As Prepared for Delivery on October 15, 2020
Earlier this year, the Derivatives rule was identified as possible relief to help credit unions given the low rate environment and mortgage activity to give credit unions more flexibility to help members during the economic downturn and low rate environment and be able to hedge the interest rate risk from putting these loans in portfolio.
I am pleased that we have been able to refine the derivative rule and make it more flexible for federal credit unions. This is indeed an unprecedented and uncertain time for all credit unions as they are facing the economic fallout from the COVID-19 pandemic.

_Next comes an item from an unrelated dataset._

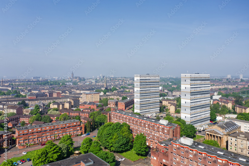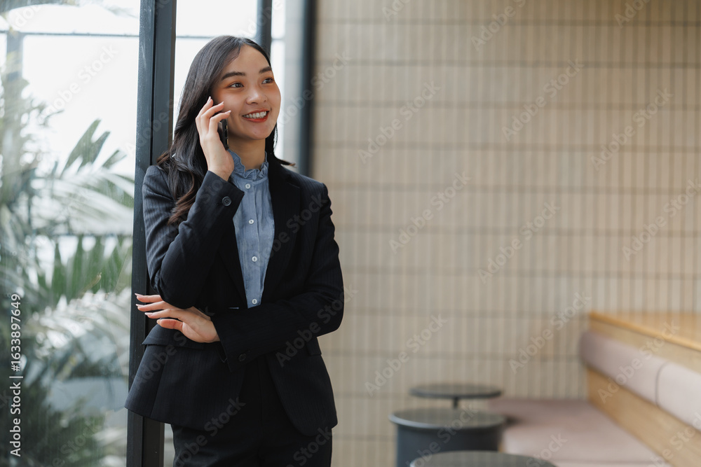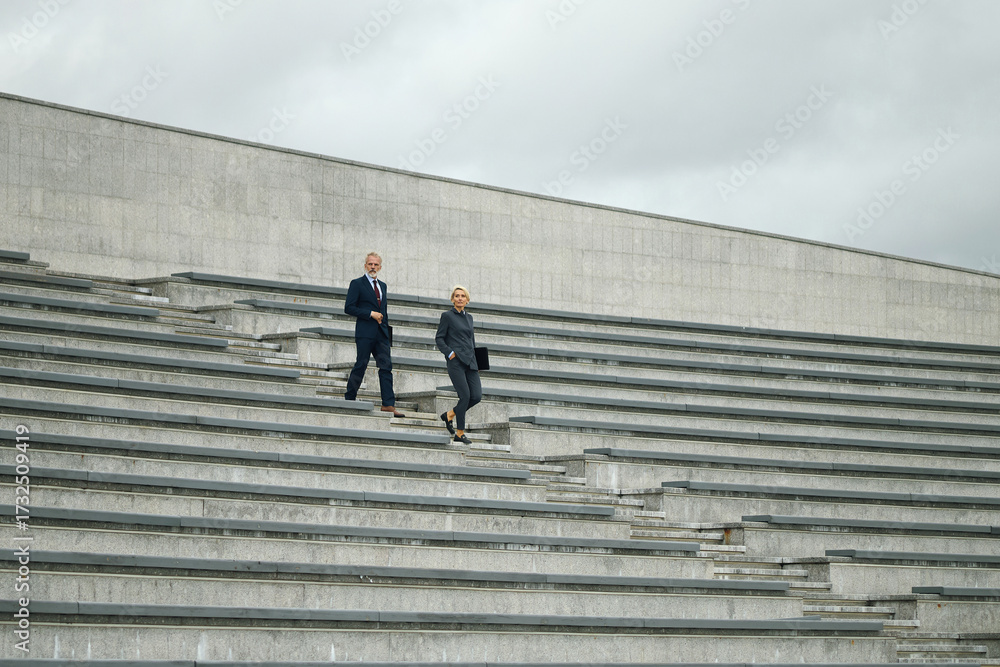 Two middle aged Caucasian male and female partners walking down wide concrete steps outdoors, both wearing business suits, overcast sky in background, urban setting emphasizing professional context

The financial challenges that arise from high unemployment, falling interest rates, and compressed net interest margins are happening right before our eyes and are making it increasingly challenging for credit unions. Any tool that can efficiently and effectively improve financial performance and strengthen liquidity and capital is a sound pursuit, provided it can be done safely and affordably.
On its surface, the derivative rule may not seem like an obvious action for responding to the current financial pressures facing credit unions during this crisis. However, I believe that enhancing the ability of federal credit unions to better protect themselves against market risks is critically important at all times. In fact, managing balance sheet risks through a time of disruption and uncertainty underscores how important it is for credit unions to have tools, like financial derivatives, at their disposal to help guard against volatile economic periods that can hurt liquidity, earnings and capital.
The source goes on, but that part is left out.